◆ **What you will do**:
Transcribe exactly, and only, the lines running from the one with "圖為基地花農正在檢查即將運往北京的蝴蝶蘭。" to the end of the entries below, both included, without any pictures.

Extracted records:
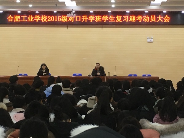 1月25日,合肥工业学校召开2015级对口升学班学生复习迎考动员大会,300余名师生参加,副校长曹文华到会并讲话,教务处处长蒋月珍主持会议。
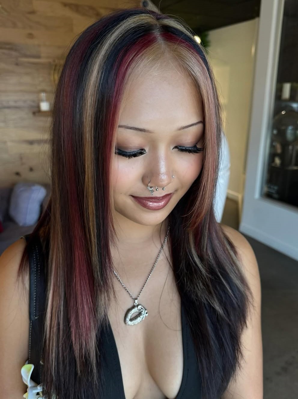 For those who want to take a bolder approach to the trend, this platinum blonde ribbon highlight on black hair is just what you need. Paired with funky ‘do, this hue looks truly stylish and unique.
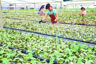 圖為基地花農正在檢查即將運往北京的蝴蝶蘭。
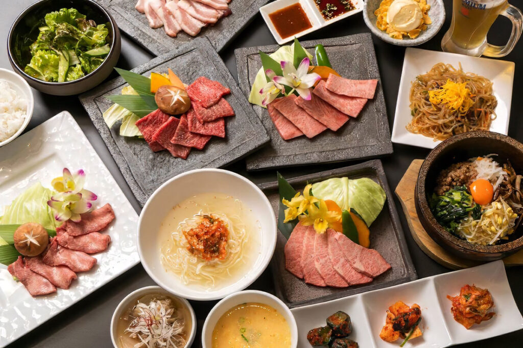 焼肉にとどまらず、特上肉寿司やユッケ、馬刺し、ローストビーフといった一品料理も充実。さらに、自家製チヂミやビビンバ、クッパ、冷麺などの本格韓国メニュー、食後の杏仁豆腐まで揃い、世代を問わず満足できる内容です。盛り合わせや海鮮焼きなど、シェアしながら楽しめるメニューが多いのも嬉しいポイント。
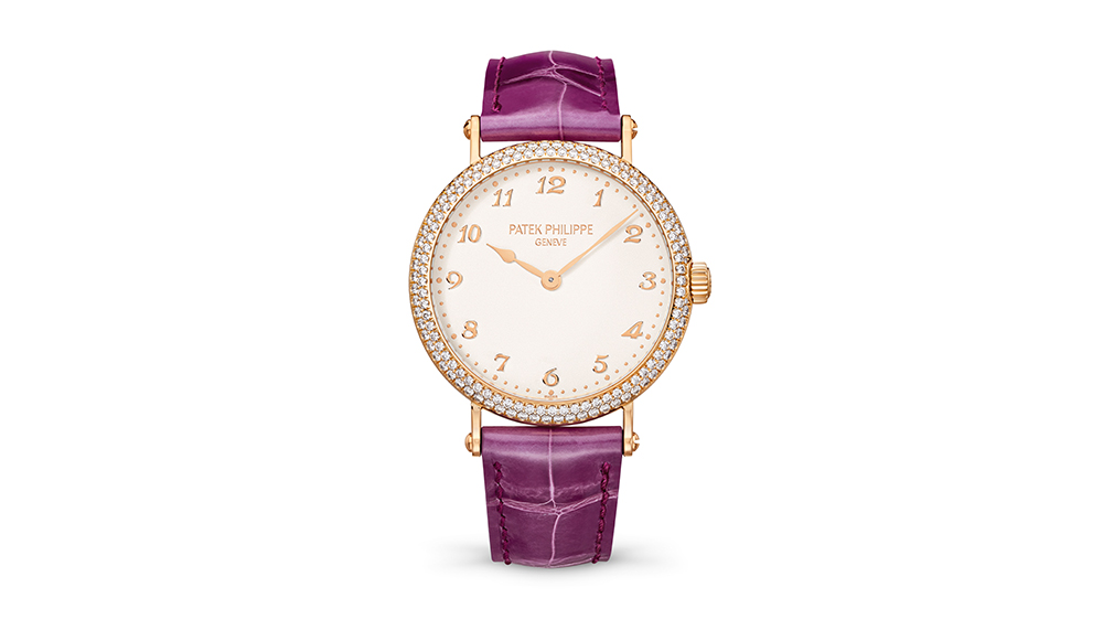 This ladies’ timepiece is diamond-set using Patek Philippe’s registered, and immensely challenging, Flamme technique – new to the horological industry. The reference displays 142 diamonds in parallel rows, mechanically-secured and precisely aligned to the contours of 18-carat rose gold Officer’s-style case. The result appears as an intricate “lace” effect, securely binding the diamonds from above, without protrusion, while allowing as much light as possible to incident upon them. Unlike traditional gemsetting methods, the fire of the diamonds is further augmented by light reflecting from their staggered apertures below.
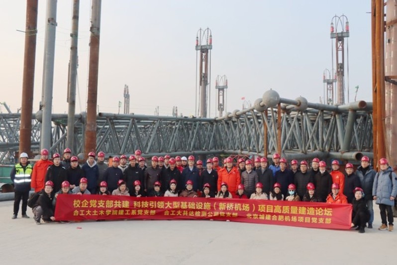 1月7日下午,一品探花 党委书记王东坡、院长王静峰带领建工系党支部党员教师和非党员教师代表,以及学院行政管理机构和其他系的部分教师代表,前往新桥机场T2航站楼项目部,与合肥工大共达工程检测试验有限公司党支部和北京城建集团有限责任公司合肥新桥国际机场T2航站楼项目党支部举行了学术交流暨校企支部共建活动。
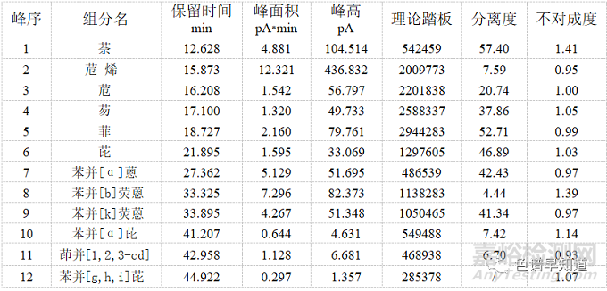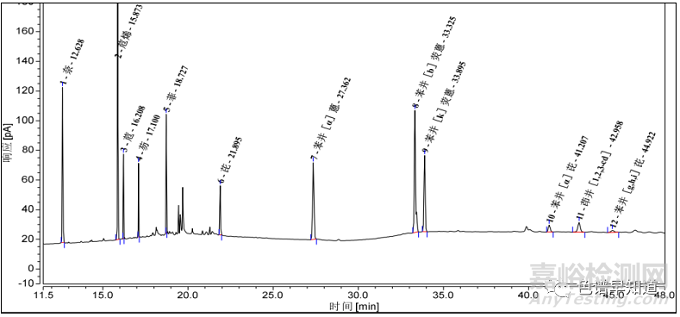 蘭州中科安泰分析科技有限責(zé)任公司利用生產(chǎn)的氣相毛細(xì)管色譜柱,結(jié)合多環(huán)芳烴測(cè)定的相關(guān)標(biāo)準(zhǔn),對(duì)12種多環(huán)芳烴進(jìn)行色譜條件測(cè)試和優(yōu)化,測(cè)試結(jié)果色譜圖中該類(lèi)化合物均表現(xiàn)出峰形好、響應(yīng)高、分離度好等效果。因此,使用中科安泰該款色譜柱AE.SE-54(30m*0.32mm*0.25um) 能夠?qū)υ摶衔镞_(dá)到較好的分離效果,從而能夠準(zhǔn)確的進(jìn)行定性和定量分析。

◆ **Reply to the task**:
 圖為基地花農正在檢查即將運往北京的蝴蝶蘭。
 焼肉にとどまらず、特上肉寿司やユッケ、馬刺し、ローストビーフといった一品料理も充実。さらに、自家製チヂミやビビンバ、クッパ、冷麺などの本格韓国メニュー、食後の杏仁豆腐まで揃い、世代を問わず満足できる内容です。盛り合わせや海鮮焼きなど、シェアしながら楽しめるメニューが多いのも嬉しいポイント。
 This ladies’ timepiece is diamond-set using Patek Philippe’s registered, and immensely challenging, Flamme technique – new to the horological industry. The reference displays 142 diamonds in parallel rows, mechanically-secured and precisely aligned to the contours of 18-carat rose gold Officer’s-style case. The result appears as an intricate “lace” effect, securely binding the diamonds from above, without protrusion, while allowing as much light as possible to incident upon them. Unlike traditional gemsetting methods, the fire of the diamonds is further augmented by light reflecting from their staggered apertures below.
 1月7日下午,一品探花 党委书记王东坡、院长王静峰带领建工系党支部党员教师和非党员教师代表,以及学院行政管理机构和其他系的部分教师代表,前往新桥机场T2航站楼项目部,与合肥工大共达工程检测试验有限公司党支部和北京城建集团有限责任公司合肥新桥国际机场T2航站楼项目党支部举行了学术交流暨校企支部共建活动。
 蘭州中科安泰分析科技有限責(zé)任公司利用生產(chǎn)的氣相毛細(xì)管色譜柱,結(jié)合多環(huán)芳烴測(cè)定的相關(guān)標(biāo)準(zhǔn),對(duì)12種多環(huán)芳烴進(jìn)行色譜條件測(cè)試和優(yōu)化,測(cè)試結(jié)果色譜圖中該類(lèi)化合物均表現(xiàn)出峰形好、響應(yīng)高、分離度好等效果。因此,使用中科安泰該款色譜柱AE.SE-54(30m*0.32mm*0.25um) 能夠?qū)υ摶衔镞_(dá)到較好的分離效果,從而能夠準(zhǔn)確的進(jìn)行定性和定量分析。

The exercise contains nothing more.